Machine Learning Models: Training and testing five algorithms (Neural Network, Random Forest, Multinomial Logistic Regression, Support Vector Machine, and Bagged Tree Model).
Performance Evaluation: Comparing model accuracies and identifying the best performer.

This structured approach not only streamlined our study but also ensured replicability, a cornerstone of rigorous research.

Key Findings and Insights

The performance of the machine learning algorithms was assessed using metrics such as accuracy and kappa values.

The Multinomial Logistic Regression (MLR) model achieved the highest accuracy of 99.83%, setting a benchmark for water quality prediction systems.
Random Forest (RF) followed closely with an accuracy of 98.99%, demonstrating its strength in handling complex datasets.
Other models, including Neural Network (98.65%), Bagged Tree Model (98.99%), and Support Vector Machine (96.98%), also performed well, though slightly lower than MLR.

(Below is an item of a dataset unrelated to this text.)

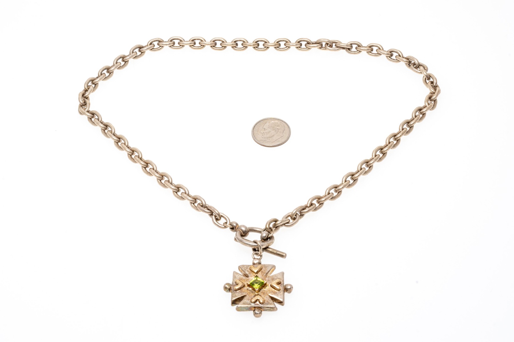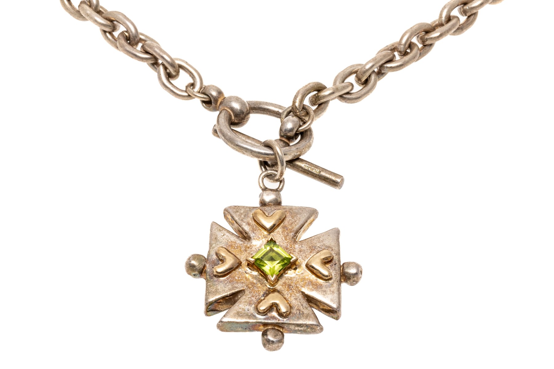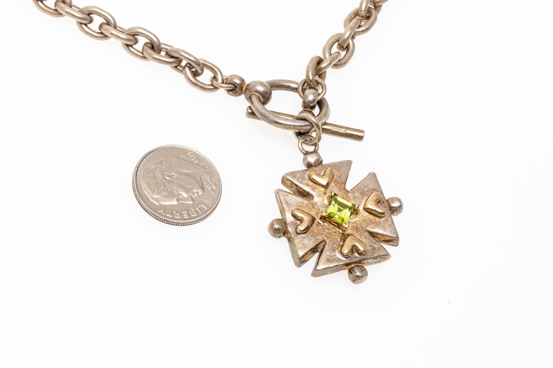 Bold sterling silver pendant necklace. Cable link chain displays a cross pendant with and etched design and a single square cut peridot stone at the center. Toggle clasp.

The chart underscores the reliability of MLR in WQI prediction, making it an ideal choice for real-world applications.

Practical Implications

Our study's results provide a roadmap for developing efficient, data-driven systems for water quality monitoring. The insights gained can support policymakers, environmental agencies, and researchers in implementing proactive measures to ensure safe water access.

Looking forward, we aim to build a software application using our proposed model, enabling real-time water quality predictions. Such a tool could revolutionize water resource management, particularly in regions facing acute water quality challenges.

Final Thoughts

Winning the Best Paper Award has been a tremendous honor, motivating us to continue exploring the potential of machine learning in solving critical environmental problems. We extend our heartfelt thanks to the editorial board of Human-Centric Intelligent Systems for this recognition and to our research team at VRD Research Lab for their dedication and collaboration.